Sunday, July 20, 2014

Organic SLP: An attitude or a science?

When you think of how SLP's work; where we do our work; and about the processes and the goals for our work - is organic SLP, science? Can the results of clinical practice that stresses communication for relationship-building, over drill work to increase component communication; the use of environmental structures and cues to make it easier for a person to function well;  the primacy of applying component skills for cognition, communication and swallowing, in the settings where they will be used; where rapid acquisition of goal targets is stressed; where customer satisfaction is accentuated through teaching and obtaining frequent feedback - be replicated across ages, disorder types and treatment settings?? Is organic SLP, science??
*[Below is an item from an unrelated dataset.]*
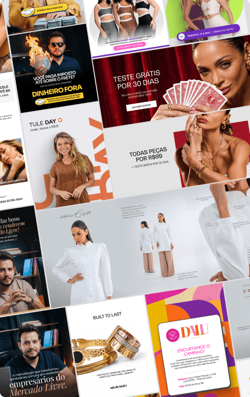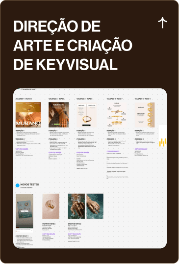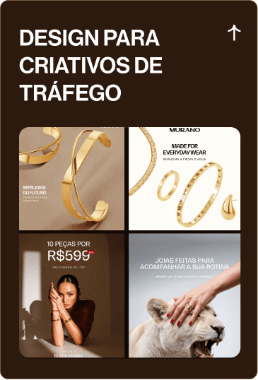 Desenvolvemos cada peça pensando na estratégia primeiro, na estética depois. Design que serve ao negócio.

I would say, yes - that organic slp IS built upon a scientific framework, and that its principles can be upheld alongside the practice of what I have called "mechanistic SLP".The clinician who uses organic SLP principles has her/his roots in mechanistic SLP; namely, the tools for impairment-based evaluation and treatment can and should be used. There are scores, hundreds of incidences where a person with a cognition or communication problem would only begin to change when slow, methodical and segmental training of processes occurred. Impairment-based training is the core of our field, and the skill sets inherent in our clinical training will always be in that bag of tricks we scour before each encounter.
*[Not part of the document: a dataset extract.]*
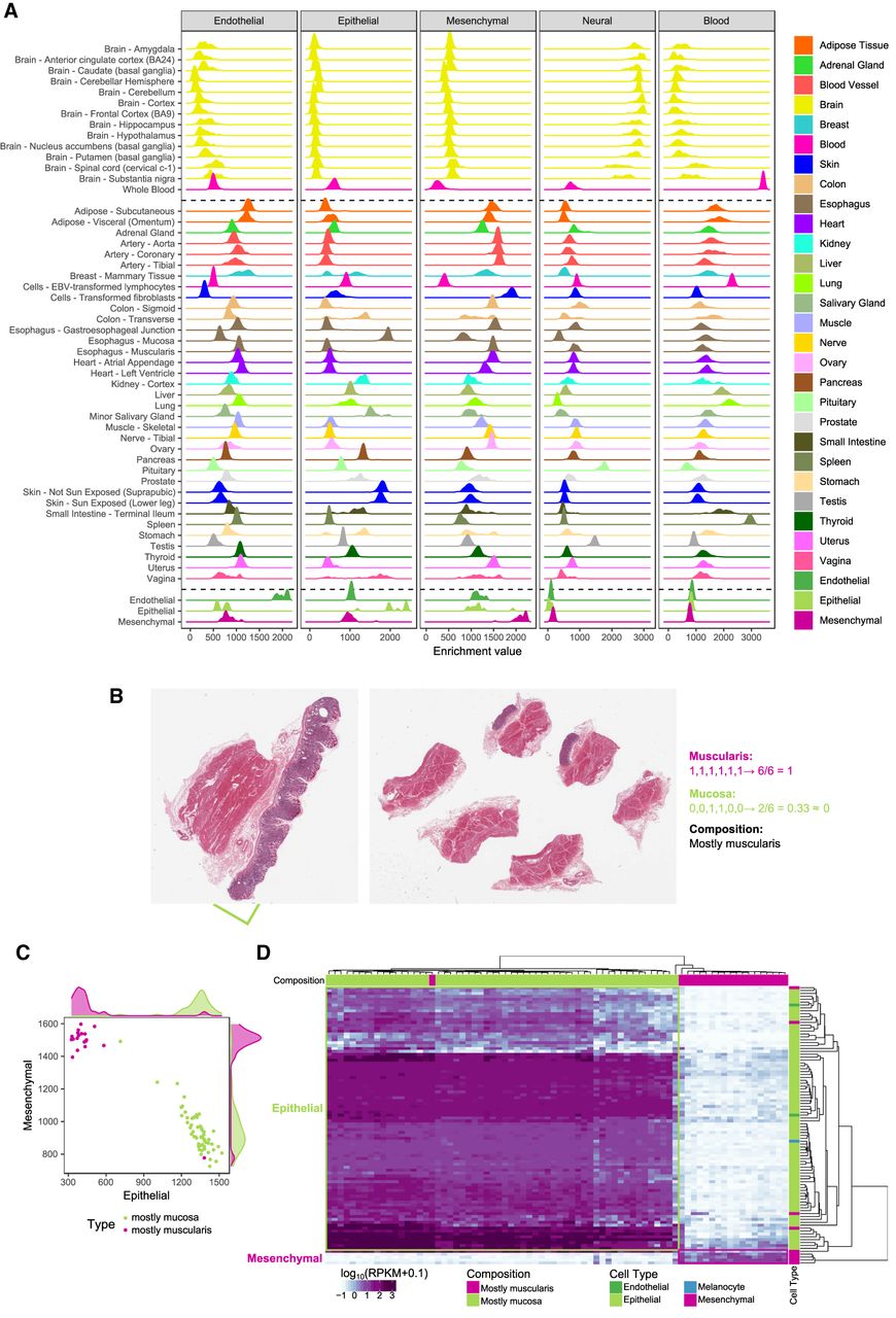 Expression of cell-type-cluster-specific genes in GTEx organs. (A) Enrichment of each major cell type in GTEx tissues, estimated from bulk tissue RNA-seq using the xCell method. As a control, we also include, at the bottom of the plot, the enrichments of the endothelial, epithelial, and mesenchymal primary cells monitored here (Fig. 1B). As expected, since the gene signatures have been derived from these very same cells, endothelial primary cells are heavily enriched in the endothelial type, but not in the other types, epithelial cells in the epithelial type and mesenchymal cells in the mesenchymal type. (B) Example of stomach histological slides, which represent the two main tissue layers and the procedure for the manual annotation of the images based on the presence of those layers. Each GTEx histological image displays up to six tissue slices. For the stomach samples, we scored each slice for the presence (1) or absence (0) of the muscularis and mucosa layers, summed up the values for each layer separately and divided by the number of slices. If the proportion of slices with mucosa layer, or muscularis layer, is more than 50% we classify the entire slide as mc1, or ms1, respectively. If the proportion is lower, we classify the slide as mc0 or ms0. A combined class, for example mc0ms1, is assigned to the slides. Thus, samples labeled mc0ms1 are mostly muscularis, and samples labeled mc1ms0 are mostly mucosa. (C) Enrichment of cells of epithelial and mesenchymal types in stomach samples containing mostly the mucosa (green) or mostly the muscularis (purple) layer. (D) Expression of the cell-type-specific genes that drive the separation of stomach samples in mostly muscularis or mostly mucosa samples. Among discriminant cell-type-specific genes, mucosa-only samples express almost exclusively epithelial-specific genes, whereas muscularis-only samples express exclusively mesenchymal-specific genes.

There does remain a need in SLP clinical practice, for a skill set that brings the person served from an entry point of dependence to that of relative independence as quickly as possible; that allows the SLP in an interdisciplinary practice setting (e.g. with physical and occupational therapy, or with education and psychology) to assert her/his expertise as vital to the successful outcome of the person served; that models for all the professionals involved with a person, superior customer service; that constructs a strategy system allowing the person to say: I can do this in real life when I - , and that treats communication processes largely where the processes will be used day-to-day. How can these additional be measured and evaluated, as having met the tests of scientific method?
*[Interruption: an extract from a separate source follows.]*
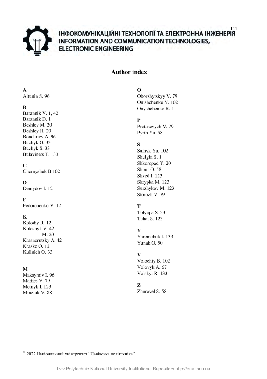 Зміст // Інфокомунікаційні технології та електронна інженерія. — Львів : Видавництво Львівської політехніки, 2022. — Том 2. — № 2. — С. 141–144.

The SLP clinician has the skill set to operationally define organic SLP processes, and to write targeted goals for treatment after baseline status is clearly described. For example, the person served may gain attention of a caregiver from across the room, using speech and gestures in a noisy setting, 25% of the time. Barriers to the person performing this function include the noise level ( TV on, dishes clattering, chatter within the room, PA system occasionally carrying announcements, person's weak voice and impaired hearing). Treatment includes identifying the components controlled, then controlling them as possible. It also includes compensating for the variables that cannot easily be controlled. How would you help the person increase her/his skill?